Recently I received an article that was as disturbing as any I have read. The title is The Perils of Ignoring History: Big Tobacco Played Dirty and Millions Died. How Similar Is Big Food?  The really scary part is that the authors, Kelly Brownell and Kenneth Warner, are not two easily dismissed fringe nutritionists but rather work at a couple of places you may have heard of, Yale University and University of Michigan. The authors have studied the actions of the tobacco industry beginning in the fifties and have come away with some frightening parallels. The findings of the paper are, as I said, disturbing;

“The tobacco industry had a playbook, a script, that emphasized personal responsibility, paying scientists who delivered research that instilled doubt, criticizing the “junk” science that found harms associated with smoking, making self-regulatory pledges, lobbying with massive resources to stifle government action, introducing “safer” products, and simultaneously manipulating and denying both the addictive nature of their products and their marketing to children. The script of the food industry is both similar to and different from the tobacco industry script.

The authors concluded;

“Food is obviously different from tobacco, and the food industry differs from tobacco companies in important ways, but there also are significant similarities in the actions that these industries have taken in response to concern that their products cause harm. Because obesity is now a major global problem, the world cannot afford a repeat of the tobacco history, in which industry talks about the moral high ground but does not occupy it. “

The article is 36 pages long and appeared in the The Milbank Quarterly, Vol. 87, No. 1, 2009 (pp. 259–294). I believe it can be readily found on the internet. The next time you read a report that “a little high fructose corn syrup won’t kill you” or that “plastic water bottles are perfectly safe” think about the tobacco industry and how hard they tried to deceive the American public in the face of mounting evidence about the dangers of cigarettes.
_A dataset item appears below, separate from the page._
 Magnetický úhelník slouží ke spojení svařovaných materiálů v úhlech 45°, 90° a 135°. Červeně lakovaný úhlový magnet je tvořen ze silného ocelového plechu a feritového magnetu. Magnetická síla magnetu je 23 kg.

4 Responses to “Is the Food Industry Using the Tobacco Industry Playbook?”

  1. The corporate foodies have it much easier than tobacco, IMO. Primarily this is because sound nutritional research is extremely hard to do, filled with confounders and even objective researchers who read everything get in fights over this stuff. Even when the research is sound there are issues of compliance and often overlooked hormonal effects. This was never the case with tobacco or global warming – it was always a few fringe people who had great marketing.
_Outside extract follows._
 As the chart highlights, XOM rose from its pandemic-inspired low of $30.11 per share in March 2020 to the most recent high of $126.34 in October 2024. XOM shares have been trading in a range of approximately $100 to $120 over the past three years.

    A simple search of high-fructose corn syrup, sucrose, and insulin reveals astonishingly disparate results in both rat and human trials. This makes it easy for an already processed-dependent culture to justify just about anything.

  2. Elsbeth Vaino Says:

    Hey Mike, if you’re interested, there was a great movie a few years back about the antics of the big 3 lobbyists (guns, tobacco and alcohol) called “Thank you for smoking”. Not a documentary by any means, but a comedy-drama about the tobacco lobbyist’s use of the playbook. Toward the end, the self-proclaimed “Merchants of death” lobbyists welcome the fast food lobbyist to their group.

  3. Hopefully we’re at the beginning of a movement to take back not only our own health, but the health of our children as well.
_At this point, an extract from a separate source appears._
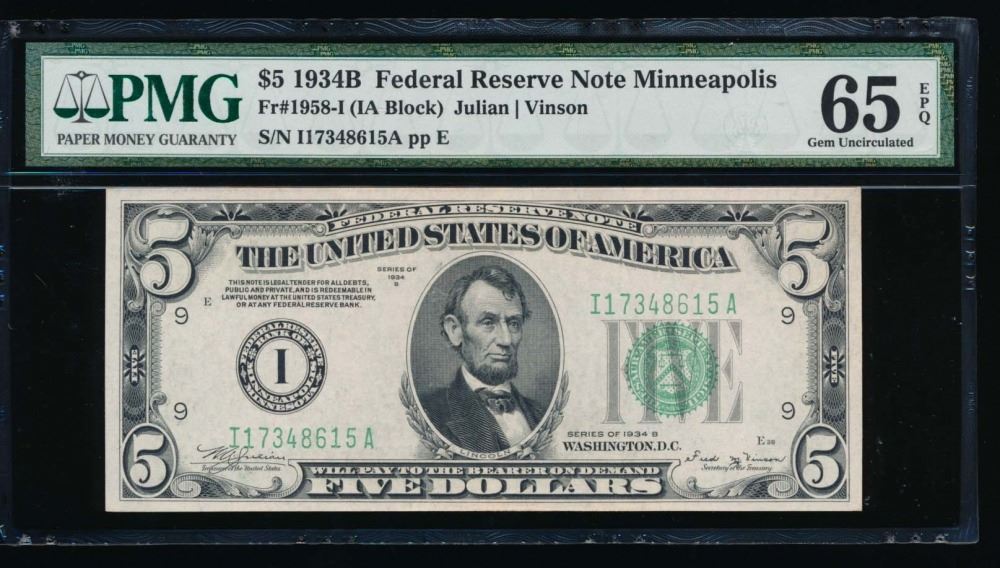 One 1934B $5 Minneapolis Federal Reserve Note PMG 65EPQ.

    I’ll advise parents to make their own desserts or buy them from Whole Foods to insure they’re free of HFCS and trans-fats. While a completely junk food free diet would be ideal, I think minimzing the damage is priority number one.

  4. Mike,
    Scary stuff though not surprising. When you have been around for a while the greed and avarice of corp. America never surprises you anymore. Not that I want a lot of govt. regulation but to think Food Inc. has our best interests at heart is dangerously naive to say the least.
    Bruce Kelly
    PS: May have to post this on my blog as well if you don’t mind. Good stuff.